Ollie Campbell was coming too, but he was going to the World Spoofing Championships. There is a game of spoof and the World Championships were being held in Paris that weekend – seriously. Moss wasn't keen on the silly blazers and strawboat hats which were part of the paraphernalia for this event and we ended up reasonably early back in our hotel, the Hotel California (you can check out but you can never leave).


The next day we were driven to the outskirts of Paris, not sure whether it was north, south, east or west. We went directly to the ground and here it was, a significant and seminal moment, and it came at a jolly in Paris, the only time I ever packed down with Moss Keane. He was nearly 50, he was still a huge man, and he put himself about a bit, mainly because some of his contemporaries Jean Luc Joinel and Jean Francois Imbernon were playing.


I felt like Marty McFly from Back to the Future. I was a child when these guys were slugging it out, it was like a time warp. It was 30 degrees that day and two things could be observed from space that afternoon – the Great Wall of China and Moss's red face. He scored a try that afternoon which added to the colourimetry.


I took time out on the pitch to watch this marvellous man indulge his passion in the game. When the final whistle blew I shook his hand and told him what a privilege it was to play with him.


"Frunsus yowere the laziest f**ker that ever set foot on a rugby pitch." He then spent an hour dissecting my game, his range and knowledge were astonishing.

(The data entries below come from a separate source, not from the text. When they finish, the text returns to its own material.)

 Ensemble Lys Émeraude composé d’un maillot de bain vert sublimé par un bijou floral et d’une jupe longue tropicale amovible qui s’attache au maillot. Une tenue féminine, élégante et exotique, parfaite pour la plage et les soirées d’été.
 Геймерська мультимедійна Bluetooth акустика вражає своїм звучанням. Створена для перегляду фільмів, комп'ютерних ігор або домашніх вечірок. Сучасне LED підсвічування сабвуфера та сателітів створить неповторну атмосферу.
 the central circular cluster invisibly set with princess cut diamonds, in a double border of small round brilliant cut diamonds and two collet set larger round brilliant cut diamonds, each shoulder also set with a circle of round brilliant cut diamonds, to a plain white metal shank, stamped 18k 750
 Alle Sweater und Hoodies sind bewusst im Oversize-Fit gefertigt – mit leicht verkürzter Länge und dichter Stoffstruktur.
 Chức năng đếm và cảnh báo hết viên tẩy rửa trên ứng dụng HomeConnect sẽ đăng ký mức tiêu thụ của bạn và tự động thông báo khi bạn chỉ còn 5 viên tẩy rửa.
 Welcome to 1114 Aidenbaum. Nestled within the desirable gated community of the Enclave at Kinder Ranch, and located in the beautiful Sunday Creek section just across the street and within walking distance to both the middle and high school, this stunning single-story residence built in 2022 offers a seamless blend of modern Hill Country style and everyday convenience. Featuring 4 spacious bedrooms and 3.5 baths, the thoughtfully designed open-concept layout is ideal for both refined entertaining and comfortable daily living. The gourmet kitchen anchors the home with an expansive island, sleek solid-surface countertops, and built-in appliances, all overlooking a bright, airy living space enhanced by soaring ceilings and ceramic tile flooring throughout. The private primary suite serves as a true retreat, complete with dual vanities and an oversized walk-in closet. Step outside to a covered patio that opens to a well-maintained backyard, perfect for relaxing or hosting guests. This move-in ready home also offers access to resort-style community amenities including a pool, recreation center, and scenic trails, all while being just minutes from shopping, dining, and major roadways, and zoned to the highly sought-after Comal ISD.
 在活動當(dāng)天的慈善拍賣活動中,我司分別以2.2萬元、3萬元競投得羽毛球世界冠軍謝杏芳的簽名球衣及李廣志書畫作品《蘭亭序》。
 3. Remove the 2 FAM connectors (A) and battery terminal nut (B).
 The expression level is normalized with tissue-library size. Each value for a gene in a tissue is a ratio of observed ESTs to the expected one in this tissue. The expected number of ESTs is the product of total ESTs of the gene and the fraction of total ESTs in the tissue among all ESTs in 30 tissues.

Nobody else had explained me to me before with such insight and depth. He laughed that big diesel-train engine laugh of his, apologised for anything that was close to the bone and led me to the bar. My only avenue of reproach was why hadn't he told me these things 15 years earlier. Another first, who can say that they were ever psycho-analysed by Moss Keane?


At the dinner Moss called over the fromageuse and asked her to bring out every cheese she had in the larder. His thirst for knowledge was unquenchable. Because of his work in the Department of Agriculture he knew more about every local cheese delicacy than she did.


I'd say I tasted about 25 different cheeses. I don't think Moss liked cheese that much, it was just knowledge that he hungered for. I was his guinea pig to tell him what it tasted like. Late on into the night in the big hall quite a few of the international contingent had got up to sing a song from their own country, "Frunsus, it's a bad night if the Irish don't get up on stage and sing."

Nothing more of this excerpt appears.